This post is the third installment in our series aimed at specialist bloggers. In the past two installments, I’ve talked about choosing topics and editing. Today, we’ll be looking at research. This can be a daunting prospect for a lot of creators. Many people have told me they never did open-ended research projects when they were in school. In many cases, they worked with curated lists of sources provided by their instructors. But when they have to scope out sources entirely on their own, they feel more than a little unprepared. Hopefully, by explaining my research process, I can make it a lot less mystifying and intimidating. 

Who am I? 

I blog about the British constitution over at A Venerable Puzzle.
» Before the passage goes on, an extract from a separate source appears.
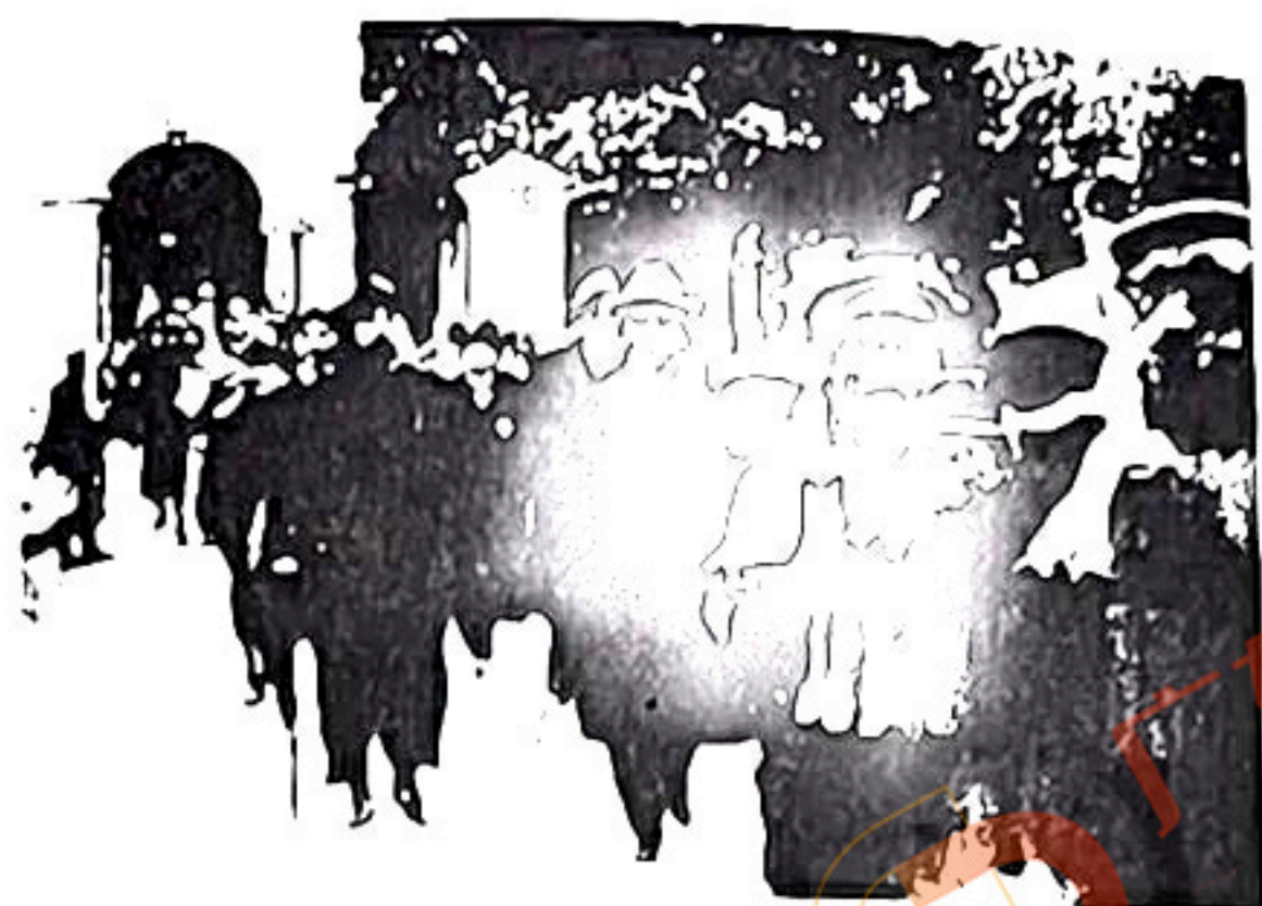
图 4: 李大钊、孙中山从会场走出的照片, 1924 年 1 月摄于广州

I started my blog because I noticed that many popular discussions of constitutional subjects relied on oversimplifications. To be fair, the British constitution is a labyrinthine entity that’s made up of a diverse assortment of statutes, conventions, and precedents, many of which are subject to a bewildering array of caveats and qualifications. 

Research is a journey

Research has always been at the forefront of my blog. From the beginning, I’ve always striven to draw on a wide variety of sources to help my readers understand constitutional issues in all their byzantine glory. But deciding which sources to use is an art rather than a science. In graduate school, I learned to break the process down into discrete steps. I find this makes the whole task a lot less intimidating.  
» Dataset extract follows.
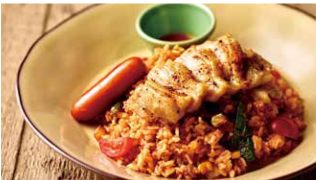
ケイジャンチキンとソーセージの特製ジャンバラヤ
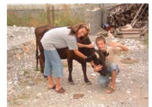
„Pobreza y migración“ PID Albania 2004

sino agradecimiento de ser tomados en cuenta como seres humanos y europeos. „Los albaneses son diferentes!“ a los prejuicios en nuestras cabezas. Los encuentros y el diálogo intensificaron la colaboración entre Renovabis y las iglesias locales. Mas allá de ello, se hizo evidente para los participantes del PID, por qué y con que objetivos trabajan solidariamente para y con las personas en Europa del este

The journey usually looks like this:

  1. Decide which questions I want to ask.
  2. Map out my journey by consulting secondary sources.
  3. Dive deeper by exploring primary sources.
  4. Review what I’ve learned.

To provide context, I’ll be using actual examples based on my recent experiences writing a piece about the appointment of bishops in pre-Reformation England.
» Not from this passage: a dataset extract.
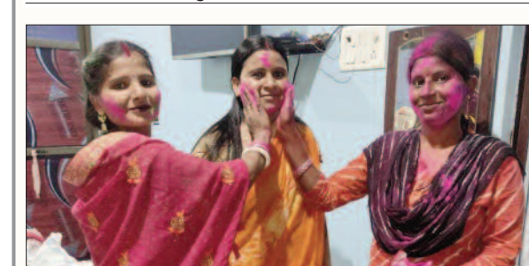
एक दूसरे को गुलाल लगा होली मनाती भाजपा नेत्री व अन्य।

Planning the journey: asking questions

The first step of the process involves figuring out the story you want to tell. It may seem odd to frame this in terms of storytelling when I write non-fiction, but it’s still a helpful approach (for more information on using storytelling, check out “How to use storytelling to lend authenticity to your content” by Jose). 

With my piece on the appointment of bishops, these are some of the questions I started with:

  • How did the Appointment of Bishops Act 1533 affect the process of choosing bishops?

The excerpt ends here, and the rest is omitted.